The answer to that was “No.” If he said “Yes,” she would be close to him, enfolding him, comforting him, making him forget everything but the physical fact of her. That, he did not wish. “I’ve got a beastly headache,” he said quietly.
The barrier was now built between them, and she walked away to her dressing-table. “Want some aspirin?” she asked over her shoulder.
“No, thanks.” Lewis often made these little mistakes. By his refusal of aspirin he revealed to her that he had no headache.
“Oh--just cross.”
“Isn’t it enough to make anybody cross--the kind of thing I come back to?”
“I’m very sorry you have to come back to it, Lewis. But you would have it that way, you know.”
“You certainly don’t try to make it any better.”

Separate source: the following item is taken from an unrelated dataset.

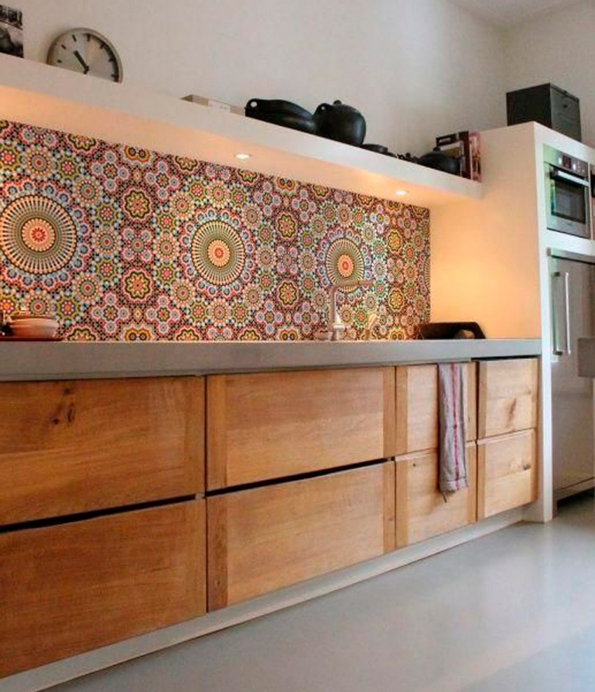 Tile decorative panel Is also a fairly common way to decorate a surface. This solution looks especially good if the design of the kitchen is in Provence, country or classic style.

“You’d better drop that right now,” she warned him. “It doesn’t seem to occur to you that, at least, when you come back to it, I’m here. I live with it, weeks on end, when you aren’t here.”
“If you mean, Net, that it’s all mother’s fault, you’re wrong. She wasn’t like this until you came and made her so. What makes the house so deadly is that you quarrel with her all the time. I’m always having to apologize to one of you for the other. I’m about fed up with it.”
“Oh, you are, are you? And what about me? I’ve been pretty patient, I think, but if you’re going to crab things, I think I’ll have my say. I tell you I live with it all the time. It’s a good deal worse when you’re not there, because she’s afraid of you. And I don’t intend to live with it much longer.”
He didn’t want to quarrel, he reflected wearily. Why did he have to? But his exacerbated nerves spoke for him. “I honestly believe it’s more your fault than hers, because you’re young and strong and she’s old and weak. She’s a sick woman, half the time--has been for years. It won’t be for long, Netta.”
“You can bet it won’t be for long,” she murmured intensely. She, too, was irritated; irritated because, as always, his figure there before her set her heart to beating. She did not want to quarrel, either; she wanted him to make love to her. He wouldn’t; and therefore they quarrelled. But Lewis surprised her. Standing there with folded arms, looking gravely across at her, he went on, “If you’d have a kid, Netta, I believe everything would come straight. Mother would forget all about both of us if she had a grandchild to fuss over. And you’d be too busy and happy to mind little things.”
She did not recover at once from her astonishment. “You honestly mean that, Lewis? You’d like me to have a baby?”
“I’d like us to have a baby, of course,” he answered quietly. “What did you suppose?”